Hay una convención, de origen apócrifo, que dice que la industria del porno se repite una y otra vez a sí misma, un poco por autoconvencerse, un poco para dotarse de un valor claro y cuantificable, ya que jamás será capaz, por definición, de darse un baño de respetabilidad. Y esa convención es “la industria del porno siempre va por delante en lo tecnológico”. Una afirmación muy peligrosa: se trata de una serpiente de dos cabezas.

Por una parte implica que en cualquier nueva tecnología, lo primero que aparece es el porno. Aún cuando la posesión de pornografía era un delito, ahí estaba el reflejo explícito de las bajas pasiones explorando nuevas vías expresivas, a menudo por canales amateur. Cine mudo: existía porno para proyecciones privadas. Polaroid: un chollo, imágenes reveladas de forma inmediata, con la consiguiente rapidez, discreción y comodidad.

Más tarde el lenguaje audiovisual se popularizó y llegó la revolución de las cámaras domésticas. Super 8: las revistas empiezan a vender extractos de películas comerciales para uso doméstico y se consolida el mercado subterráneo del intercambio privado. La fotocopiadora llevó a la era dorada del porno amateur impreso. VHS y DVD: la gran explosión de la industria doméstica. Internet: Maremágnum de aficionados. ¿Realidad virtual? Aún no hay películas mainstream, pero ya hay porno.

Pornsuper8
Anuncio de producciones porno en formato Super 8.
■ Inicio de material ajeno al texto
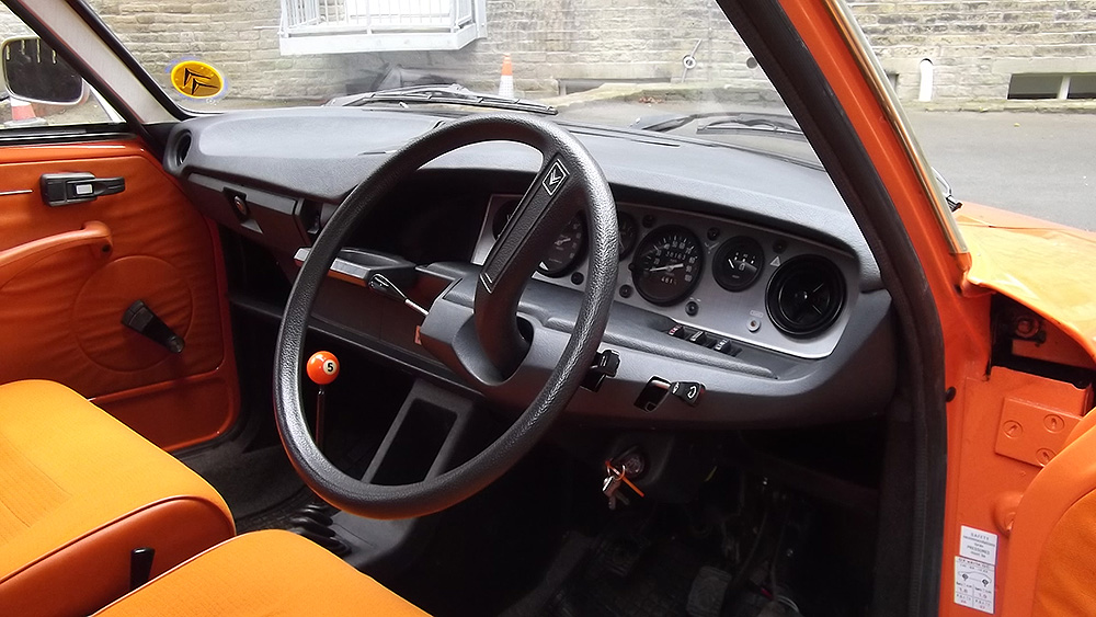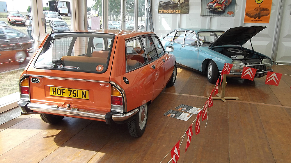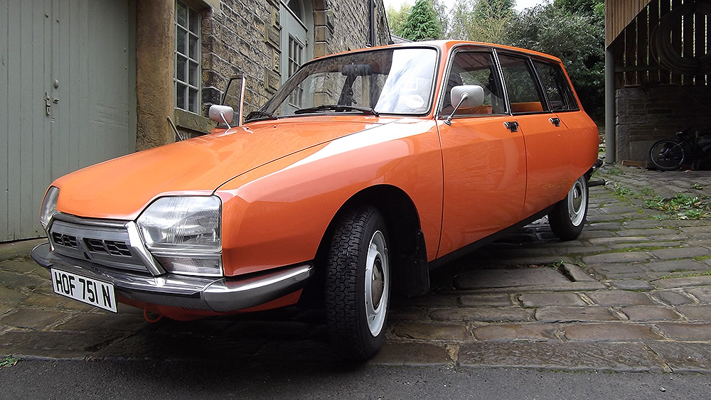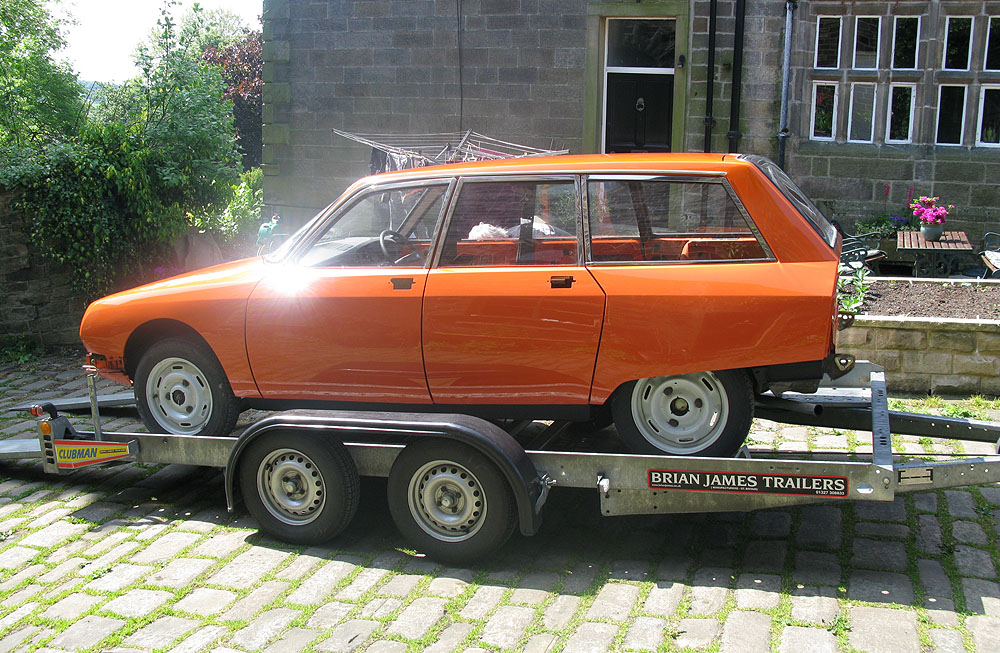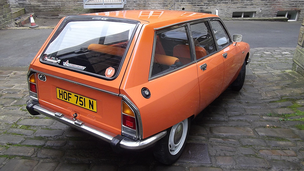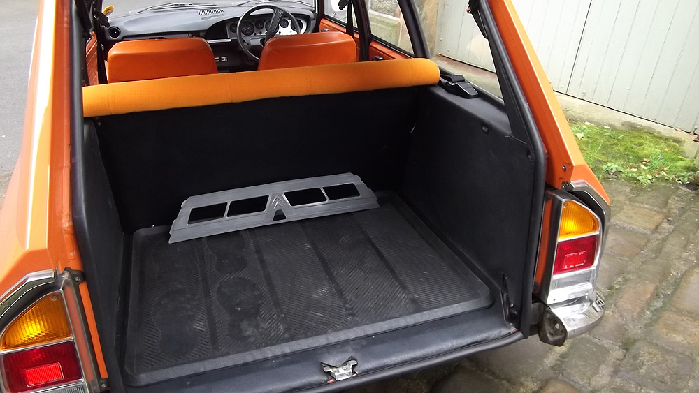 For those who don't know these mid-range Citroëns, they offer an astonishing level of refinement compared to almost anything else available in the 1970's - and there are few cars of this size on the market now which are as comfortable. When in tune they pull very smoothly throughout the rev range, and drive beautifully with very direct steering. The legendary brakes and handling are better than many modern cars (ABS notwithstanding). 2010 marked the 40th Anniversary of the GS's launch, resulting in much UK classic press coverage (including several articles featuring this very car with its unique colour specification). There are only a handful of GS Estates left on the road in Britain now, with the total number of UK GS and GSA combined being well under 100. This vehicle was rescued by a friend in the Citroën Car Club in mid-2007 from solicitors who were winding up the affairs of its original owner from new. It had reputedly spent the previous 10 years standing in a dark garage under his house, and its remarkable survival is largely down to a very thorough wax treatment when new, and very light use for most of its life. It is stunning in Orange Ténéré (AC329) with a matching interior - which must have been unusual for a UK-spec car (even in the mid-1970's). The orange vinyl is in excellent condition, and the cloth seat facings show none of the usual signs of fading or UV degradation, although it is apparent that some of the fabric's foam under-lining has lost a little strength. We bought the car in December 2007 with 29,000 miles recorded. Although MOT'd it was suffering fuel supply problems, and in January 2008 we sent it to The Chevronic Centre for a thorough service which included new timing belts / tensioners and hydraulic fluid change, as well as some new (fixed) seatbelts for the back. In June/July a new exhaust was fitted, the brakes were overhauled and I fitted a new fuel sender unit. It was used regularly through the summer months (including trips to Holland and Belgium) until July 2009, when a minor altercation with a local lamp post forced a temporary lay-up. Because 2010 was to bring various celebrations of the GS models 40th anniversary, rather than simply repair the wing and bumper damage, the decision was taken to treat the car to a high quality re-paint - primarily to eliminate various minor dents visible down both sides. All exterior and interior trim was carefully removed and the front panelwork dismantled - to reveal some rust in the cross-member behind the front bumper. A new GSA valance / X-member was sourced and adapted to fit (with 2 towing eyes). This, the headlamp panel and a new Citroën towbar were powder-coated in satin brown. Two replacement front bumper sections were acquired and both bumpers complete were sent for polishing. A common GS rust trap in the boot sides was eliminated by completely replacing the double skinned areas with single-skin repair panels from The Chevronic Centre. In early summer 2010 the dismantled car was superbly repainted by our local paint shop, Smith Motors. Over the following few weeks I re-fitted the front panels, and meticulously cleaned and reassembled all the trim. Hidden areas were wax treated, and vulnerable painted flanges were covered in fabric tape before refitting the many threaded clips used on these cars. Much time was spent carefully aligning the front end, and the tailgate which also recieved a new thicker perimeter seal. A new set of Michelin XZX 145-15's now replaced the original tyres, 2 of which were Michelin X's - which apparently went out of production in the early '90's! Following duties at our friends' wedding in mid July, the car took myself and a friend to the 40th Anniversary Celebrations at Thenay in France, where it was displayed in the Event Museum and honoured with a prize for its superb condition. Sadly, it suffered fuel problems on the way home, and has now been under the care of Graham Morton at GM Vehicle services, who removed the fuel tank and relieved it of 35 years of accumulated sludge, as well as cleaning out fuel lines and fitting a huge new fuel filter. The car is in excellent rust-free condition, and was sold in December 2011to a very good home, which those in Citroën circles will know very well). | ||||||||

Pero por otra parte, y esa es la otra cabeza de la serpiente, precisamente por esa condición de avanzadilla tecnológica, el porno vive atrayendo constantemente la piratería y la distribución que no hace cuentas con las arcas de la industria. Olvidémonos, por supuesto, de los tiempos en los que el porno era ilegal, pero fue el género el que sufrió en primer lugar la decadencia de los videoclubs, los millones de DVD-ROMs en vertederos y, ahora, la aparición de plataformas internáuticas que difunden porno de forma gratuita y que prácticamente se han cargado las revistas tradicionales pornográficas.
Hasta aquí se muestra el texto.